Starting at the line that contains "Бизнесът се справя", retype each line to the end of the listing below. Include both ends, but not the pictures.

- _GIVEN MATERIAL_:
※

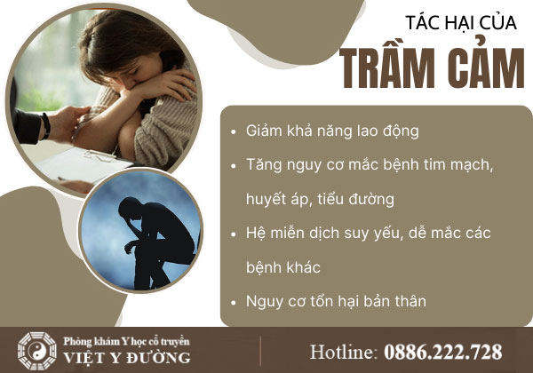 Trầm cảm để lâu dễ gây nhiều hệ lụy nguy hiểm. Hãy đến Phòng khám Y học cổ truyền Việt Y Đường để được thăm khám và điều trị sớm. Điều trị bằng y học cổ truyền sẽ giúp ổn định tinh thần, cải thiện giấc ngủ, nâng cao chất lượng cuộc sống.
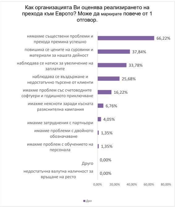 Бизнесът се справя успешно, но отчита нови предизвикателства. Според данните от анкетата, внушителните 66,22% от компаниите категорично заявяват, че не са имали съществени проблеми и преходът е преминал успешно. Възникналите казуси са били предимно моментни и решими – свързани основно с обучения на персонала и притеснения за първия месец на двойно обращение на валутите.
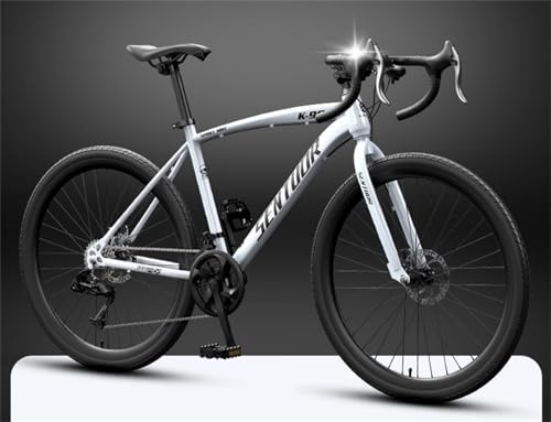 26インチ24変速のロードバイクで、競速に最適なデザイン。破風性能を持つ曲げ変速機構搭載。男女兼用で、大人や学生におすすめ。身長165-185cm対応、パールホワイト。
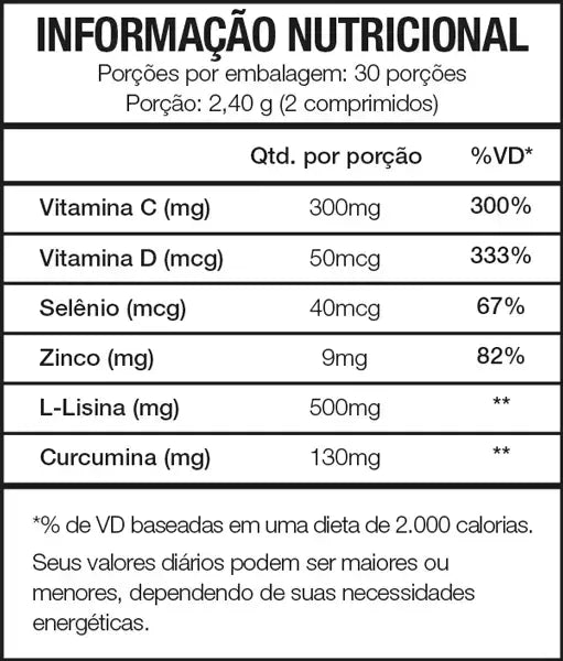 Suplemento alimentar de lisina, curcumina, vitaminas e minerais em comprimidos

※

- _RESPONSE BOX_:
 Бизнесът се справя успешно, но отчита нови предизвикателства. Според данните от анкетата, внушителните 66,22% от компаниите категорично заявяват, че не са имали съществени проблеми и преходът е преминал успешно. Възникналите казуси са били предимно моментни и решими – свързани основно с обучения на персонала и притеснения за първия месец на двойно обращение на валутите.
 26インチ24変速のロードバイクで、競速に最適なデザイン。破風性能を持つ曲げ変速機構搭載。男女兼用で、大人や学生におすすめ。身長165-185cm対応、パールホワイト。
 Suplemento alimentar de lisina, curcumina, vitaminas e minerais em comprimidos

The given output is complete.